3.3. Comparison of Gut Microbiota between Early Decolonization Carriers and Late Decolonization Carriers

As four carriers (no. 1, 2, 5, and 10) showed decolonization of CP-CRE within 4 weeks, we compared the gut microbiota between these early decolonization carriers (EDC) and late decolonization carriers (LDC; no. 3, 4, 6, 8, and 9) in terms of times (Figure 2). Although the diversity of gut microbiota was significantly increased in both groups (p < 0.05), the increased diversity was higher in the EDC group in terms of time after FMT (R2 = 0.271) than in the LDC group (R2 = 0.164). Bacterial 16S rRNA gene copies increased after FMT; however, the changes in both groups were not statistically significant (p > 0.05). In the EDC group, the convergence of recipient gut microbiota to donor microbiota was found within 4 weeks. The dissimilarity of gut microbiota between recipients and donors decreased within 4 weeks after FMT (p < 0.001 compared to before FMT). However, the shifts of gut microbiota in the LDC group varied, and convergence to donor microbiota was not found within 4 weeks. The dissimilarity between gut microbiota in LDC carriers and donors also decreased (p < 0.01); however, the distance was higher than that of the EDC group after 4 weeks. Although the distances of gut microbiota between carriers in the LDC group and the donor were higher than those in the EDC group, the distances also decreased after 9 weeks in the LDC group (p < 0.01 after 18 weeks compared to before FMT; Figure S4). Gut microbiota diversity in the LDC group increased after 5 weeks; however, changes in bacterial 16S rRNA gene copies were not statistically significant (p > 0.05). The relative abundances of Bacteroidetes in the EDC group were higher than those in the LDC group, and the relative abundances of Firmicutes in the EDC group were higher before FMT and lower after FMT than those in the LDC group (Figure S5). Diversity was higher in the EDC group than in the LDC group, before and after FMT treatments. However, these differences were not statistically significant (p > 0.05).
The difference in gut microbiota between the EDC and LDC groups before and within 4 weeks after FMT was analyzed using LEfSe (Figure 3). Frequently detected genera (>1% of microbiota in each group) were compared between groups. Hungatella was significantly different between the EDC and LDC groups before FMT, whereas 13 genera were different between the two groups after FMT treatments. Hungatella was only detected in the LDC group. The relative abundances of Klebsiella, Corynebacterium, Sellimonas, Dorea, and Clostridium_g7 were significantly higher in the LDC group after FMT than those in the EDC group, whereas relative abundances of Ezakiella, Mogibacterium, uncultured Christensenellaceae (HQ716403_g), uncultured Oscillospiraceae (EU844075_g), Clostridium_g27, Eubacterium, Lactonifactor, and Arcanobacterium were higher in the EDC group compared to the LDC group. The detected CRE genera, Klebsiella and Escherichia, were compared between the EDC and LDC groups according to FMT treatments. The relative abundances of these genera decreased in both groups after FMT. However, the relative abundance of Klebsiella was higher in the LDC group than in the EDC group (p < 0.05 after FMT), and the proportion of Escherichia was lower in the LDC group than in the EDC group before and after FMT.

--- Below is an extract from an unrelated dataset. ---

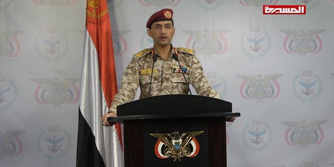 وجدد التأكيد على أن المطارات والمواقع العسكرية لدول العدوان أصبحت غير آمنة وأن عمليات الجيش واللجان الشعبية في تصاعد مستمر طالما استمر العدوان والحصار المفروض على اليمن كما جدد دعوة شركات الطيران والمدنيين للابتعاد عن المطارات والمواقع العسكرية كونها أصبحت أهدافاً مشروعة.

3.4. Different Alteration of Gut Microbiota along Follow-Up Times between EDC and LDC within 4 Weeks after FMT

The alteration in microbiota between the EDC and LDC groups was compared by indicator genera via times (selected by p < 0.05), within 4 weeks after FMT (Figure S6). Three genera (Anaerococcus, Ezakiella, and Peptoniphilus) were significantly changed along times in the EDC group. The relative abundances of these genera increased within 1 week after FMT. In the LDC group, more diverse genera (16 genera) significantly shifted along time after FMT. Klebsiella and Hungatella were significantly detected before FMT, and their proportions increased again after 3 weeks of FMT. The other 14 genera were significantly detected after FMT. Peptoniphilus was a commonly detected genus in both groups after FMT.
Correlations of gut microbiota were compared between the EDC and LDC groups before and after FMT treatments using co-occurrence network analysis (Figure 4). Prior to FMT, the keystone genera were different between EDC and LDC. Klebsiella was the common keystone genus in both groups before FMT. However, other keystone genera (Alistipes, Bacteroides, Parabacteroides, Eubacterium_g1 in EDC and Clostridium_g21 in LDC) were different between the two groups before FMT. Within 4 weeks after FMT, Prevotella was a common keystone genus in both groups, whereas Peptoniphilus and Porpyromonas were unique keystone genera in the LDC group. Interactions between genera in the co-occurrence network were more complex in the LDC group than in the EDC group after FMT.

4. Discussion

In this study, 90% (9/10) of CRE carriers showed CRE decolonization within 5 months after FMT treatments, and 40% (4/10) of carriers showed earlier decolonization (within 1 month after FMT) than other carriers regardless of the origin of donor feces (Table S2). The composition and diversity of microbiota significantly changed and the relative abundance of Bacteroidetes significantly increased after FMT, with decreasing proportions of CRE genera. However, alterations in gut microbiota were different between the EDC and LDC groups. The convergence of microbiota in carriers to donor was detected in the EDC group within 4 weeks, and different keystone genera were found before and after FMT between groups. The relative abundance of Klebsiella was higher in the LDC group than in the EDC group before and after FMT.
The diversity of gut microbiota significantly increased, and microbiota significantly changed, after FMT. These results are in agreement with previous studies that have shown lower diversity in CRE carriers than in healthy individuals, and increased diversity after FMT treatments [12,28]. Although the relative abundances of Klebsiella and Escherichia were variable among carriers, their enrichment was found in gut microbiota before FMT. As CRE carriers received antibiotic treatment, this treatment could be a reason for the enrichment of these genera as reported in a previous study, which suggested that antibiotics promote intestinal colonization by Enterobacteriaceae [29]. However, their relative abundances decreased, and the Bacteroidetes significantly increased in most carriers, after FMT in the present study. This indicates that FMT can be an alternative option for the decolonization of CRE based on gut microbiota modulation.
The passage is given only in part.